“Nevis was – and still is to some extent – undiscovered and off the beaten path, so she could have come here without being inundated with paparazzi,” Hoffman comments. He wasn’t there back then, but some of his staff were. “They talk about how down to earth she was and very outgoing. She used to play cricket on Pinneys beach with her boys. It was a last minute arrangement and she didn’t hire out the hotel exclusively for herself, so there were other guests staying here too. But the restaurant was closed to outside bookings so that no one else could walk in.”
Diana’s former bodyguard, Ken Wharfe, also has some memories of the princess’s time at Montpelier, as recounted in his book Diana: Closely Guarded Secret.
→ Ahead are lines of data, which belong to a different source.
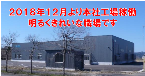
長岡市新陽1丁目17番地
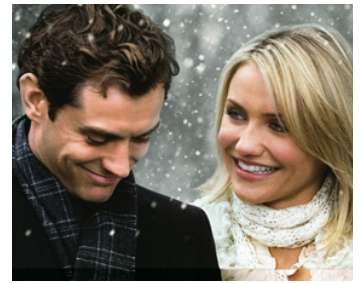
2006 THE HOLIDAY (The Holiday) de Nancy Meyers avec Cameron Diaz
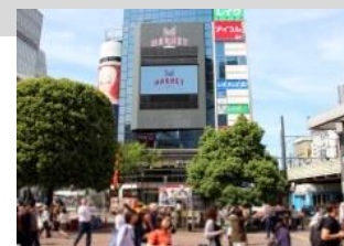
放映開始(月曜スタート)
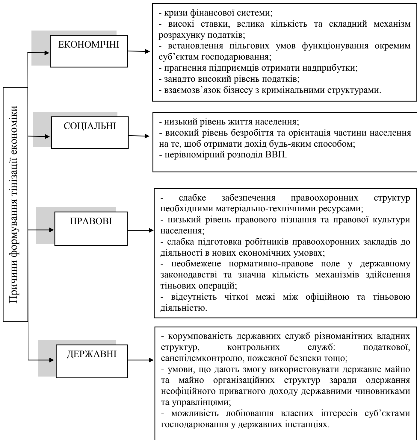
Рис. 2. Класифікація причин формування тінізації економіки

*Розроблено авторами на основі джерела: [14, 164].
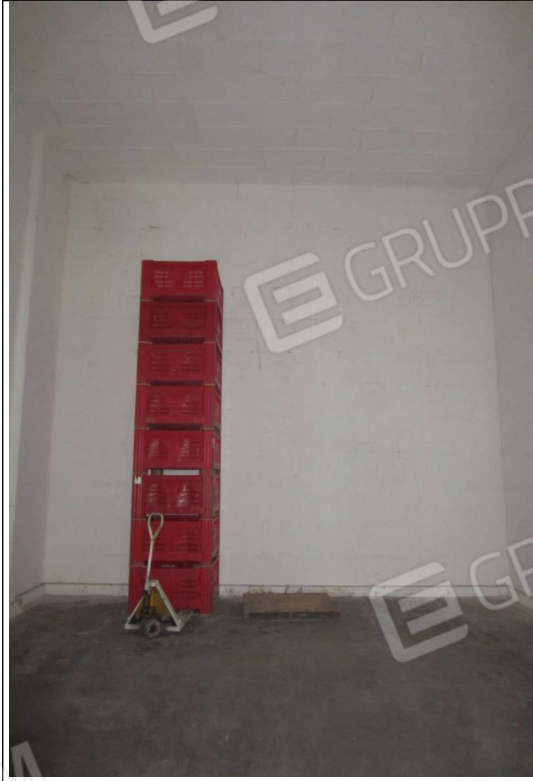
INTERNO MAGAZZINO-FRIGO-LAVORAZIONE MAPP. 239 SUB 5
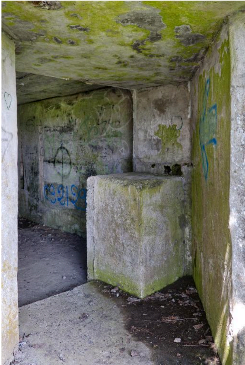
Salle nord, vue depuis l'entrée
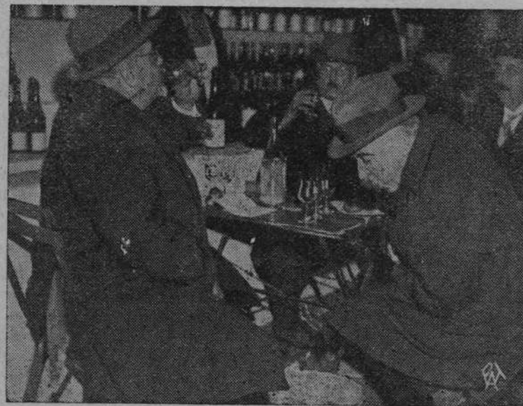
W tych dniach rozpoczęły się doroczne targi win szampańskich w Epernay. Zdjęcie przedstawia jury rzeczoznawców, delektujących się najlepszymi gatunkami wina.
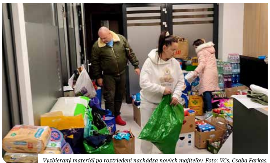
Vyzbieraný materiál po roztriedení nachádza nových majiteľov.
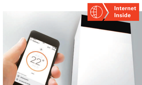
Régulation aisée par ViCare App
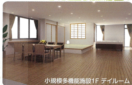
小規模多機能施設1F デイルーム
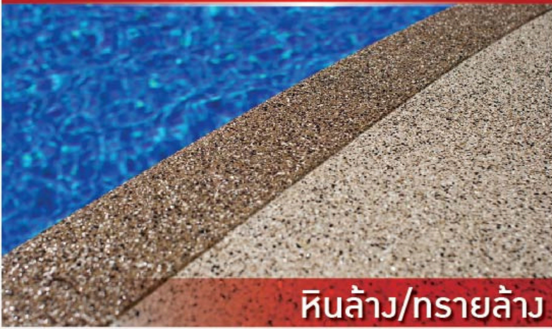
หินล้าง/ทรายล้าง
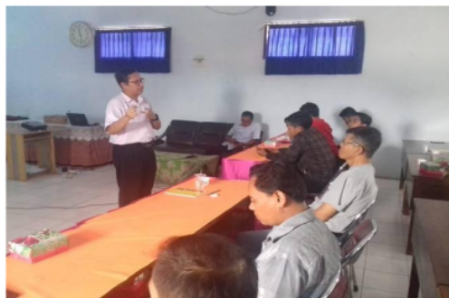
Gambar 2. Kegiatan berupa pemberian materi tentang karakteristik aluminium

Materi yang di berikan berupa karakteristik logam khususnya aluminium, di berikan dengan tujuan agar peserta mempunyai pemahaman dan pengetahuan yang sama tentang aluminium yang nantinya menjadi bahan utama untuk kegiatan daur ulang ini. Dilanjutkan dengan materi mengenai dasar dasar pengecoran aluminiu. Dokumentasi kegiatan pemberian materi di sajikan dalam gambar 2 di bawah ini.
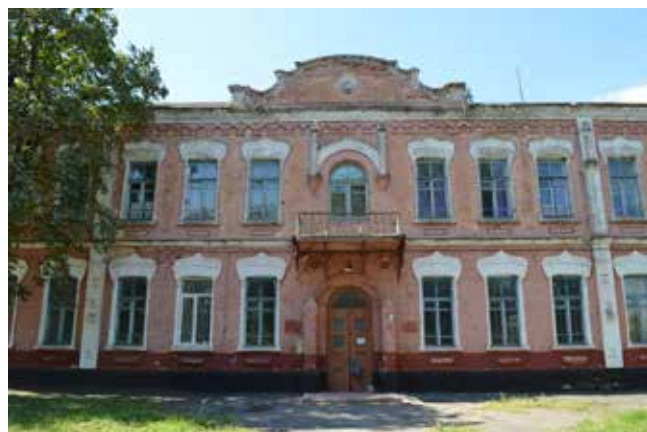
Школа в г. Хорол
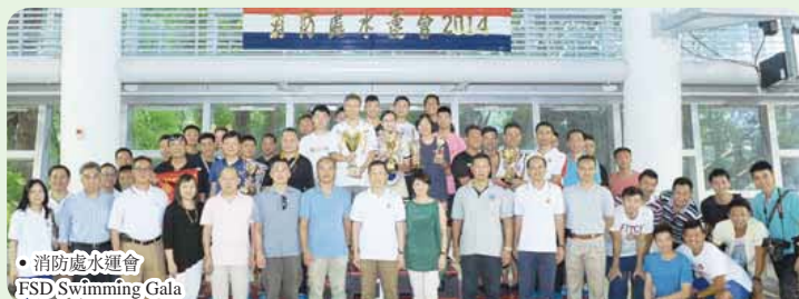
● 消防處水運會 FSD Swimming Gala

項目的主辦單位感謝各位義務的工作人員利用休班時間積極支持和協助籌辦是次活動，使本年度的水運會能順利完成。
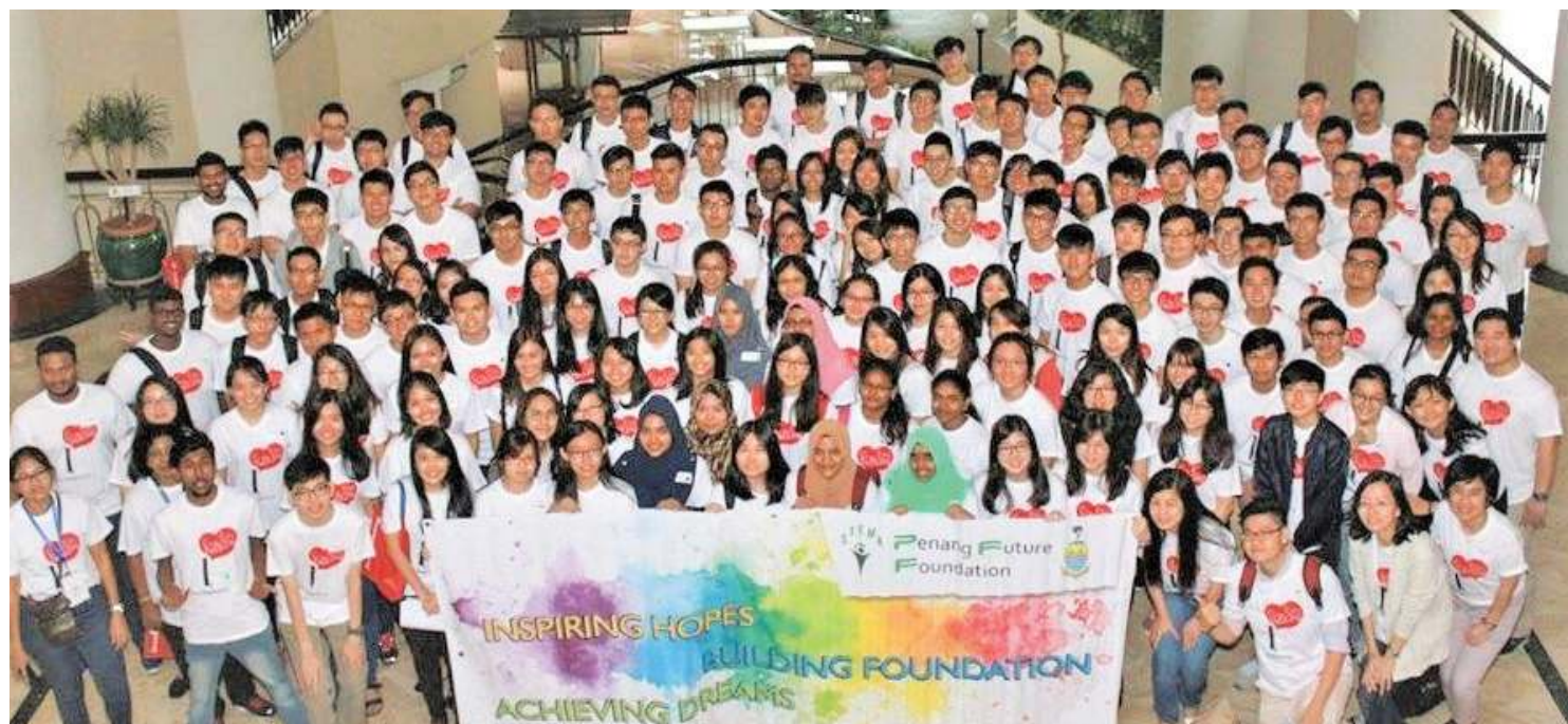
檳城未来基金会奖学金助学生完成梦想。

檳城未来基金会2020年奖学金将于6月1日至6月22日，开放让学生申请。有兴趣者，欢迎关注檳城未来基金会的官网www.penangfuturefoundation.my、《珍珠快讯》及社交媒体如面子书和推特，以获知最新资讯。
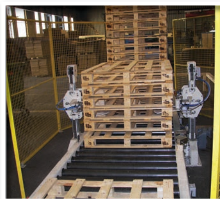
Empileur / Dépileur
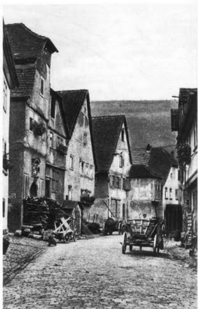
Abb. 3: Kleinbäuerliche Anwesen in der Riesengasse

Bis zum Beginn des 18. Jahrhunderts versing kaum ein Jahrzehnt ohne zusätzliche Belastungen durch militärische Durchzüge und Einquartierungen. Entsprechend langsam erholte sich das Gemeinwesen. Durch
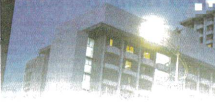
CAJ penginapan bagi tujuan kuarantin di 58 hotel terpilih kekal RM150.

Kuala Lumpur: Kerajaan bersetuju menurunkan caj penginapan di Institut Latihan Awam (ILA) bagi mengurangkan beban rakyat yang perlu menjalani kuarantin wajib 14 hari sebaik tiba dari luar negara.
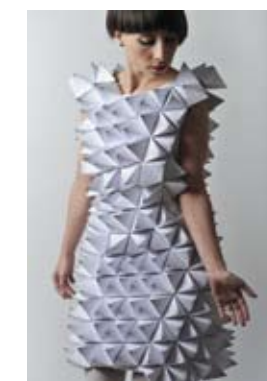
5. AMILA HRUSTIĆ IZ „PLATONOVE KOLEKCIJE“ Poster prezentacija, papir i tekstil

Harry and William, then aged eight and 10, would race nine-inch-long toads in the Nevis Toad Derby. “Harry particularly loved the place. It was not a five-star venue, but unique in so many ways. Rugged beaches and journeys in an open-top battered Toyota truck,” Wharfe wrote.
In November 2016, when Harry toured the Caribbean, he returned to Nevis – this time to nurture turtles rather than race toads on the north coast of an island that looks like a child’s picture of paradise – a perfect triangle, with verdant, volcanic Nevis Peak rising at its centre, and just one road fringing the coastline.
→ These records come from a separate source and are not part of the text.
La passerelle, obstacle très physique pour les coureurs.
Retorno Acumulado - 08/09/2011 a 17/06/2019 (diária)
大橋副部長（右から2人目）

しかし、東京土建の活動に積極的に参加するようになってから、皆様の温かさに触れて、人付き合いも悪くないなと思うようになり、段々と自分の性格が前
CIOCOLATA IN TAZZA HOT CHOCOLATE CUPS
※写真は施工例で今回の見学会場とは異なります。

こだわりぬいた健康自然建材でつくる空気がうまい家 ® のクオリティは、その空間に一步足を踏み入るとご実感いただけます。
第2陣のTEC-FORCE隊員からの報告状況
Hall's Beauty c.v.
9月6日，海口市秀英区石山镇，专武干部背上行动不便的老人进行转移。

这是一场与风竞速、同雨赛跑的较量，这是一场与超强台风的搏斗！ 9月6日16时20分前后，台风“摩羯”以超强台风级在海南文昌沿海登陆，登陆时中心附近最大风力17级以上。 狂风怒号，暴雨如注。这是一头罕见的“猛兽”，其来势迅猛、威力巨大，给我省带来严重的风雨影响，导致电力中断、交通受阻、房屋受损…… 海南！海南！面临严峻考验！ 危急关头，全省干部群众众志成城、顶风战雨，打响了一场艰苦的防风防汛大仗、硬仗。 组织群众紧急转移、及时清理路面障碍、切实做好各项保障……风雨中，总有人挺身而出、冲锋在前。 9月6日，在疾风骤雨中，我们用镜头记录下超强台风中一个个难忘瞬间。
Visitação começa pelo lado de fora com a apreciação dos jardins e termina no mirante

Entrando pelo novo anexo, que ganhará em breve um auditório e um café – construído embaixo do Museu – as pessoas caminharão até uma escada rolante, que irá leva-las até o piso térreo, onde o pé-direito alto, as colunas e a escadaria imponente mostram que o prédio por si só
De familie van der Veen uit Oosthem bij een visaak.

Besides its beguiling natural beauty, the charm of Nevis – in particular in its quaint, pocket-sized capital of Charlestown – is that this is “old Caribbean”, says Hoffman. His parents struck upon the Montpelier estate – which sits on the south of the island, at the foot of Nevis Peak – when his late father, Lincoln, fancied a challenge after retiring from banking. “We ended up going after a dream, my wife Meredith and I, my mum and dad. We took on the adventure of trying to find a hotel to run as a family business and we saw the vision. It’s one of the few properties we saw in the Caribbean that had really good bones,” says Florida-based Hoffman.
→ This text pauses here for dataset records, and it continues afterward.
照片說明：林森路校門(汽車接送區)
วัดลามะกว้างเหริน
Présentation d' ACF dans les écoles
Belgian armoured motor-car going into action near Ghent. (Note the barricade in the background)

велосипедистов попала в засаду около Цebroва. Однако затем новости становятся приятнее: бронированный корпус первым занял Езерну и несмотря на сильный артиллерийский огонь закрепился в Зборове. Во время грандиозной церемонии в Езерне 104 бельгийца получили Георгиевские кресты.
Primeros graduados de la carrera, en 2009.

His mother, Muffin, along with a staff of 30, is still full-time hands on with the running of the multi-award-winning hotel, which includes 19 sea-view bungalows, an old sugar mill, three restaurants, and a private beach. “But mum’s approaching 80 and she works seven days a week. My ability to get back is reduced as my life and family is in the US. We’ve owned the hotel for a long time and it’s time to pass the baton,” says Hoffman of the family’s thinking for putting the property on the market. He stresses that the hotel will remain in full operation, and all bookings will continue unhindered. The family is in no hurry to sell; whether it takes six months or 10 years, it’s about finding the right person to take on the mantle.